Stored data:
↓
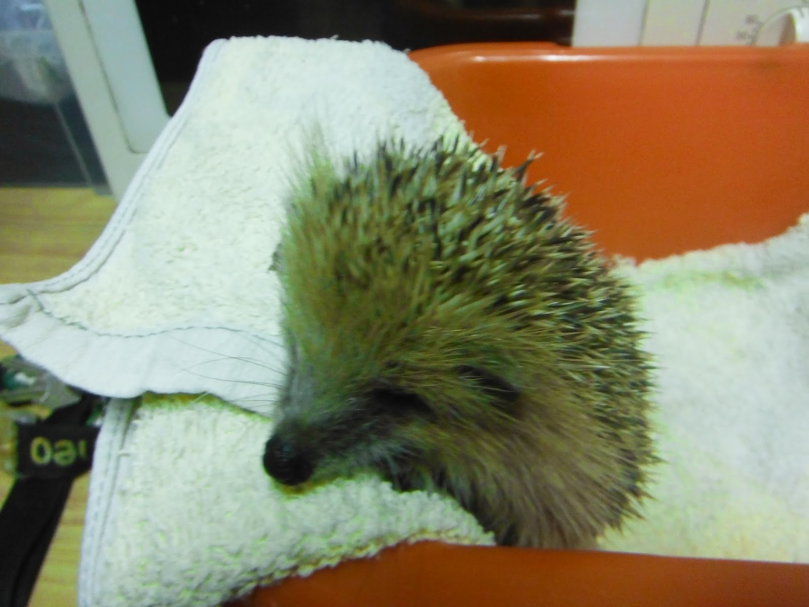 Cria de ouriço a ser alimentado com seringa:
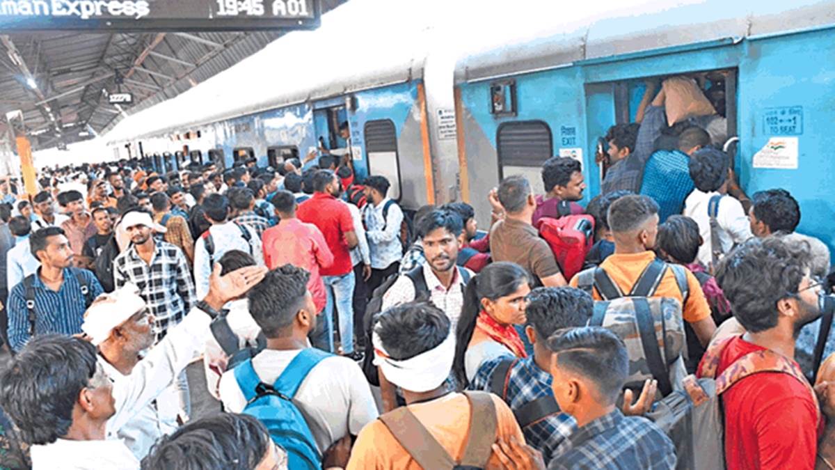 Crowd in Train in Gwalior: ग्वालियर. नईदुनिदया प्रतिनिधि। जन्माष्टमी पर श्रीकृष्ण के घर मथुरा जाने के लिए ट्रेनों मेें जगह मिलनी मुश्किल हो गई है। ग्वालियर से मथुरा जाने वाली विभिन्न ट्रेनों में गुरुवार तक आरक्षित सीटों की जमकर मारामारी मची हुई है। जन्माष्टमी पर ग्वालियर से जाने वाली 20 से अधिक ट्रेनों मेें एक भी आरक्षित सीट नहीं बची। इन ट्रेनों में वेटिंग भी 100 से अधिक चली गई है। उधर रेल प्रशासन का दावा है कि जन्माष्टमी पर श्रद्घालुओं की भारी भीड़ को देखते हुए कई ट्रेनों को अतिरिक्त ठहराव दिए गए हैं।
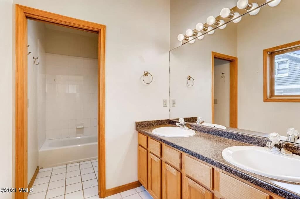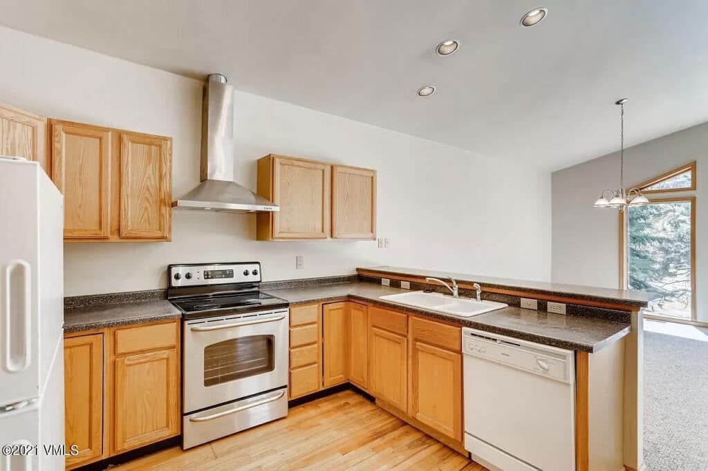 Even though the floor plan remained the same, the interior still needed to be gutted and refreshed. Mullaney gave the U-shaped kitchen the most dramatic transformation with the help of Inspired Kitchen Design, swapping out orange-tinged wood and Formica for a sleek black-and-white color palette. The result is a mountain modern cookspace that’s chic for hosting guests and fully functional for crafting elaborate post-skiing dinners.
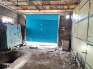 приготовлен отсек в гараже на месте старого погреба для компрессора, для уменьшения шума при его работе.
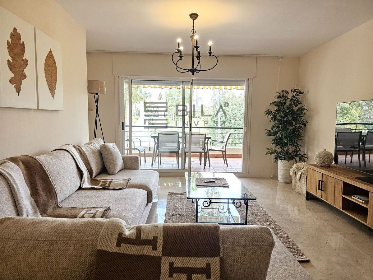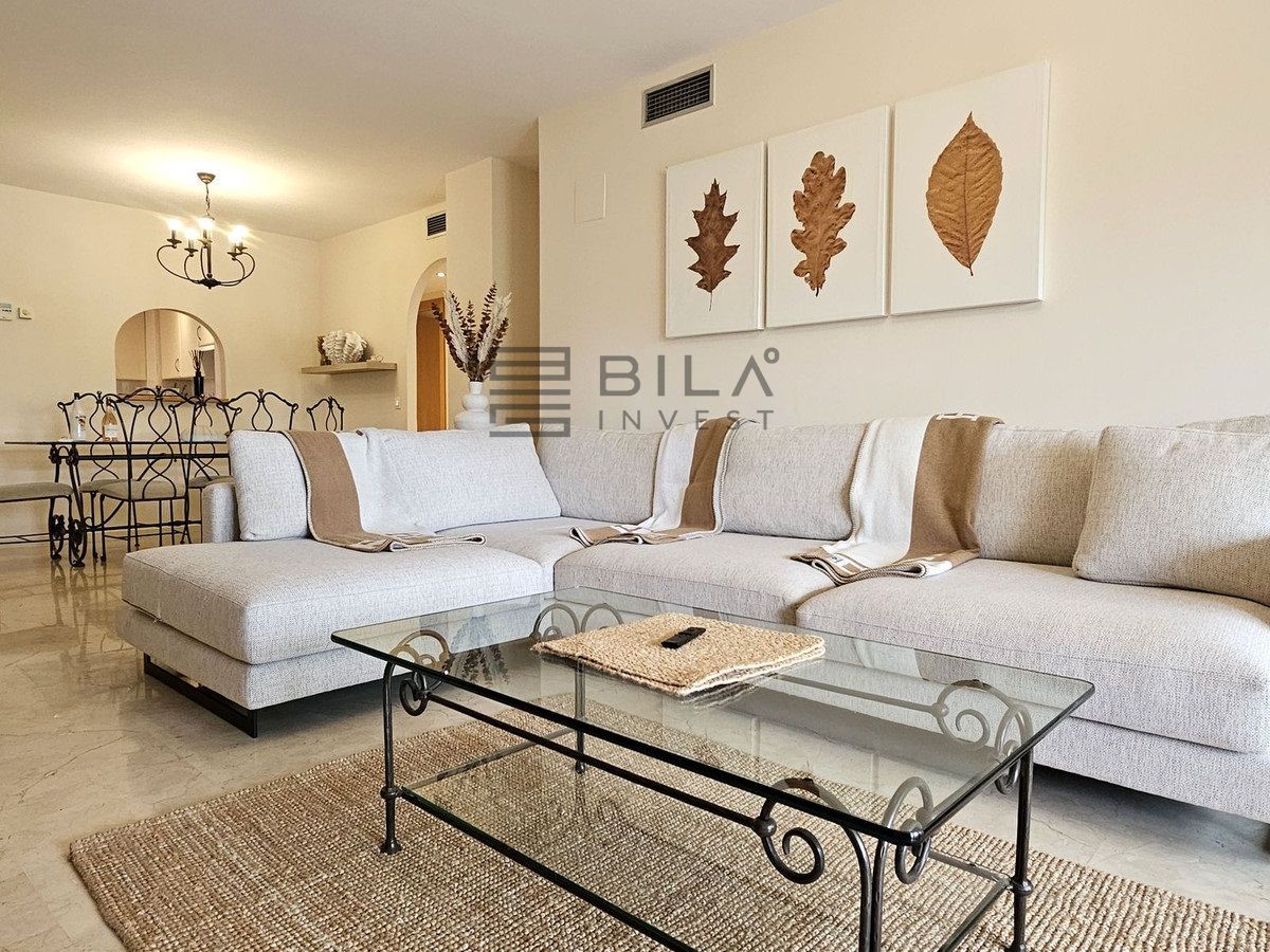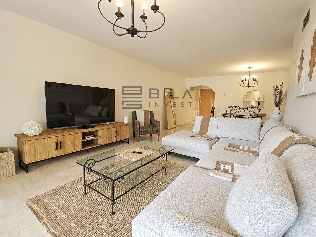 Set in the prestigious area of Guadalmina Baja, this beautifully presented three-bedroom middle-floor apartment offers an exceptional combination of comfort, space, and prime golf-side living.
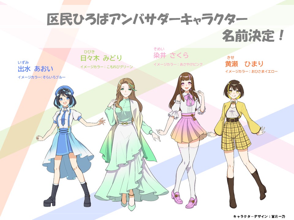 応募いただいた約90件の名前のうち、特に多かった候補から区民投票を行った結果、総数391件の投票がありました。その中でそれぞれ最も票を獲得した名前の『出水 あおい』、『日々木 みどり』、『染井 さくら』、『黄瀬 ひまり』に決定しました。
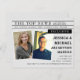 Divertido, salve a data imitando o estilo de uma primeira página de jornal com as fotos da noiva e do noivo e a data e local do casamento. Um fundo de jornal. Tipos de letra negros. Realmente único e criativo.
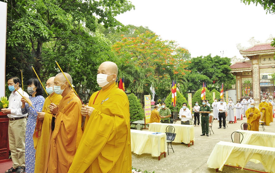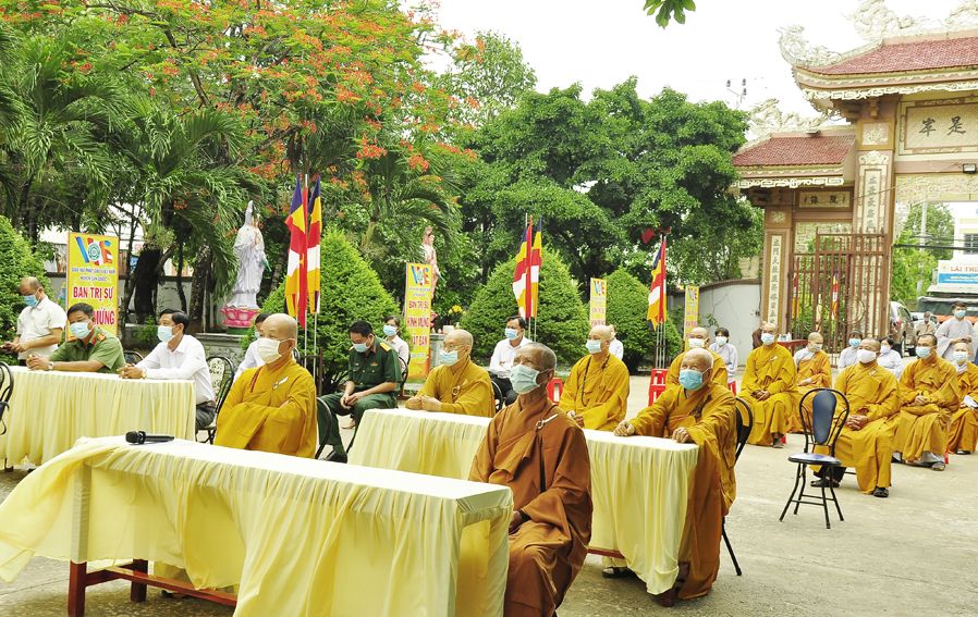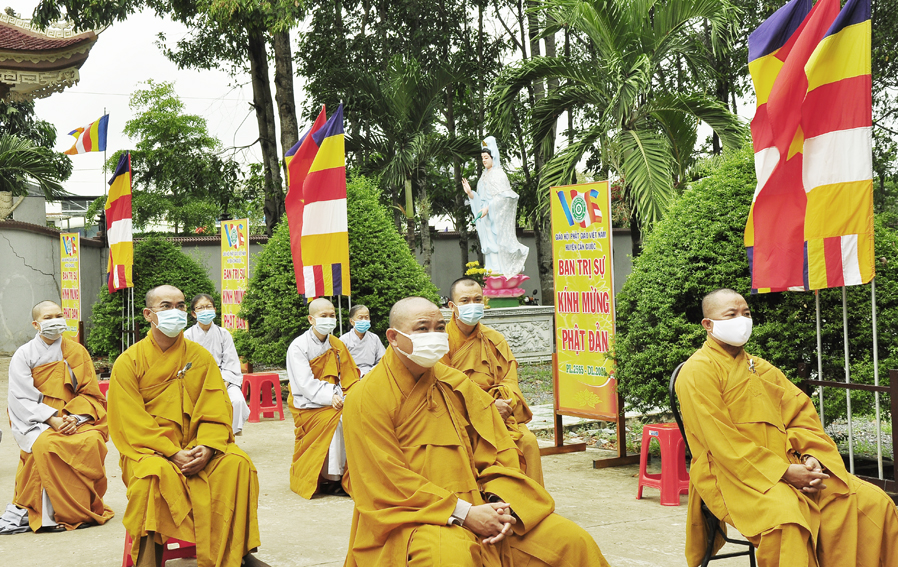 Trước tình hình dịch bệnh Covid 19 đang diễn biến rất phức tạp. Do đó Đại lễ Phật đản năm nay được cử hành trọng thể, trang nghiêm trong phạm vi nội bộ với sự tham dự của các thành viên thường trực Ban Trị sự huyện và một số đồng bào Phật tử địa phương.
↑
* _REQUIRED ACTION_: All the data above is to be transcribed exactly, with no pictures included.

* _PROBLEM SOLUTION_:
 Cria de ouriço a ser alimentado com seringa:
 Crowd in Train in Gwalior: ग्वालियर. नईदुनिदया प्रतिनिधि। जन्माष्टमी पर श्रीकृष्ण के घर मथुरा जाने के लिए ट्रेनों मेें जगह मिलनी मुश्किल हो गई है। ग्वालियर से मथुरा जाने वाली विभिन्न ट्रेनों में गुरुवार तक आरक्षित सीटों की जमकर मारामारी मची हुई है। जन्माष्टमी पर ग्वालियर से जाने वाली 20 से अधिक ट्रेनों मेें एक भी आरक्षित सीट नहीं बची। इन ट्रेनों में वेटिंग भी 100 से अधिक चली गई है। उधर रेल प्रशासन का दावा है कि जन्माष्टमी पर श्रद्घालुओं की भारी भीड़ को देखते हुए कई ट्रेनों को अतिरिक्त ठहराव दिए गए हैं।
 Even though the floor plan remained the same, the interior still needed to be gutted and refreshed. Mullaney gave the U-shaped kitchen the most dramatic transformation with the help of Inspired Kitchen Design, swapping out orange-tinged wood and Formica for a sleek black-and-white color palette. The result is a mountain modern cookspace that’s chic for hosting guests and fully functional for crafting elaborate post-skiing dinners.
 приготовлен отсек в гараже на месте старого погреба для компрессора, для уменьшения шума при его работе.
 Set in the prestigious area of Guadalmina Baja, this beautifully presented three-bedroom middle-floor apartment offers an exceptional combination of comfort, space, and prime golf-side living.
 応募いただいた約90件の名前のうち、特に多かった候補から区民投票を行った結果、総数391件の投票がありました。その中でそれぞれ最も票を獲得した名前の『出水 あおい』、『日々木 みどり』、『染井 さくら』、『黄瀬 ひまり』に決定しました。
 Divertido, salve a data imitando o estilo de uma primeira página de jornal com as fotos da noiva e do noivo e a data e local do casamento. Um fundo de jornal. Tipos de letra negros. Realmente único e criativo.
 Trước tình hình dịch bệnh Covid 19 đang diễn biến rất phức tạp. Do đó Đại lễ Phật đản năm nay được cử hành trọng thể, trang nghiêm trong phạm vi nội bộ với sự tham dự của các thành viên thường trực Ban Trị sự huyện và một số đồng bào Phật tử địa phương.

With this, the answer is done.